Write the balanced molecular, complete ionic, and net ionic equations for each of the following acid-base reactions. (Type your answer using the format [NH4]+ for NH4+ and [Ni(CN)4]2- for Ni(CN)42-. Use the lowest possible coefficients.)
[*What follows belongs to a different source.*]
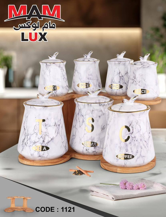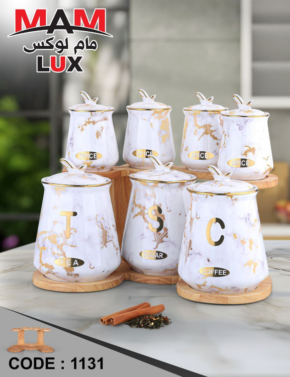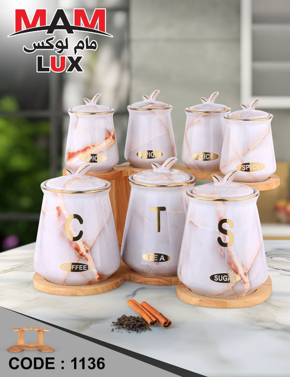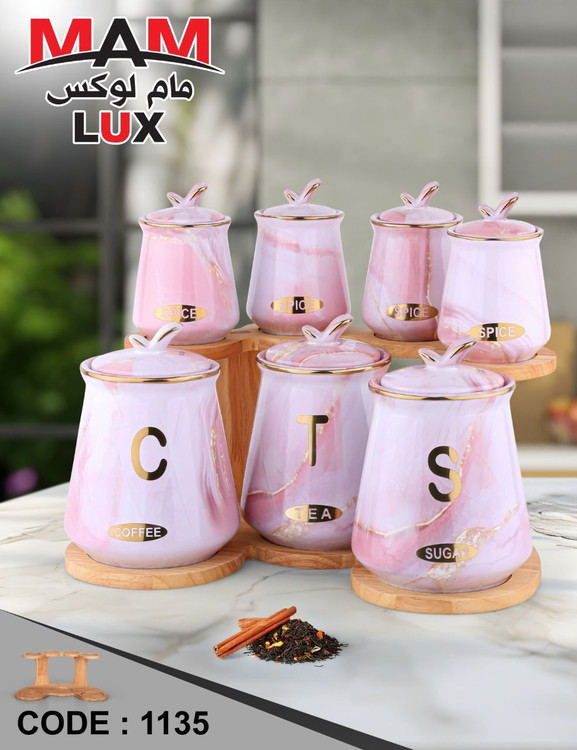 خرید اینترنتی سرویس ادویه و پاسماوری 7 پارچه نام لوکس با کیفیت بالا و قیمت دست اول و ارزان شامل سه عدد بانکه بزرگ (معمولاً برای چای، قند و شکر) و چهار عدد بانکه کوچک (برای ادویهجات) به همراه یک استند دو طبقه است با ارسال فوری به سراسر ایران

(a) HClO4(aq) + Mg(OH)2(s)
molecular equation, complete ionic, net ionic
(b) HCN(aq) + NaOH(aq)
molecular equation, complete ionic, net ionic
(c) HCl(aq) + NaOH(aq)
molecular,complete ionic, net ionic

These look easy enough to balance. What is your problem? What is it you don't understand? Follow the rule of

acid + base ==> salt + HOH

aqueous strontium hydroxide and hydroiodic acid net equation

(a)

Molecular equation: HClO4(aq) + Mg(OH)2(s) -> Mg(ClO4)2(aq) + H2O(l)

Complete ionic equation: 2H+(aq) + ClO4-(aq) + Mg2+(aq) + 2OH-(aq) -> Mg(ClO4)2(aq) + 2H2O(l)

Net ionic equation: 2H+(aq) + 2OH-(aq) -> 2H2O(l)

(b)

Molecular equation: HCN(aq) + NaOH(aq) -> NaCN(aq) + H2O(l)

Complete ionic equation: H+(aq) + CN-(aq) + Na+(aq) + OH-(aq) -> Na+(aq) + CN-(aq) + H2O(l)

Net ionic equation: H+(aq) + OH-(aq) -> H2O(l)

(c)

Molecular equation: HCl(aq) + NaOH(aq) -> NaCl(aq) + H2O(l)

Complete ionic equation: H+(aq) + Cl-(aq) + Na+(aq) + OH-(aq) -> Na+(aq) + Cl-(aq) + H2O(l)

Net ionic equation: H+(aq) + OH-(aq) -> H2O(l)

(a) Let's start by writing the balanced molecular equation for the reaction between HClO4(aq) and Mg(OH)2(s):

HClO4(aq) + Mg(OH)2(s) → Mg(ClO4)2(aq) + H2O(l)

To write the complete ionic equation, we need to break down the aqueous compounds into their respective ions:

H+(aq) + ClO4-(aq) + Mg2+(aq) + 2OH-(aq) → Mg2+(aq) + 2ClO4-(aq) + 2H2O(l)

Next, we can cancel out the spectator ions that appear on both sides of the equation. In this case, the spectator ions are Mg2+ and ClO4-.

H+(aq) + OH-(aq) → H2O(l)

The resulting equation is the net ionic equation for the reaction.

(b) Now let's write the balanced molecular equation for the reaction between HCN(aq) and NaOH(aq):

HCN(aq) + NaOH(aq) → NaCN(aq) + H2O(l)

Breaking down the aqueous compounds into their respective ions, the complete ionic equation is:

H+(aq) + CN-(aq) + Na+(aq) + OH-(aq) → Na+(aq) + CN-(aq) + H2O(l)

Again, we can cancel out the spectator ions, which are Na+ and CN-:

H+(aq) + OH-(aq) → H2O(l)

Therefore, the net ionic equation for this reaction is the same as the complete ionic equation.

(c) Lastly, let's write the balanced molecular equation for the reaction between HCl(aq) and NaOH(aq):

HCl(aq) + NaOH(aq) → NaCl(aq) + H2O(l)

Breaking down the aqueous compounds into their respective ions, the complete ionic equation is:

H+(aq) + Cl-(aq) + Na+(aq) + OH-(aq) → Na+(aq) + Cl-(aq) + H2O(l)

Once again, we can cancel out the spectator ions, which are Na+ and Cl-:

H+(aq) + OH-(aq) → H2O(l)

Thus, the net ionic equation for this reaction is the same as the complete ionic equation.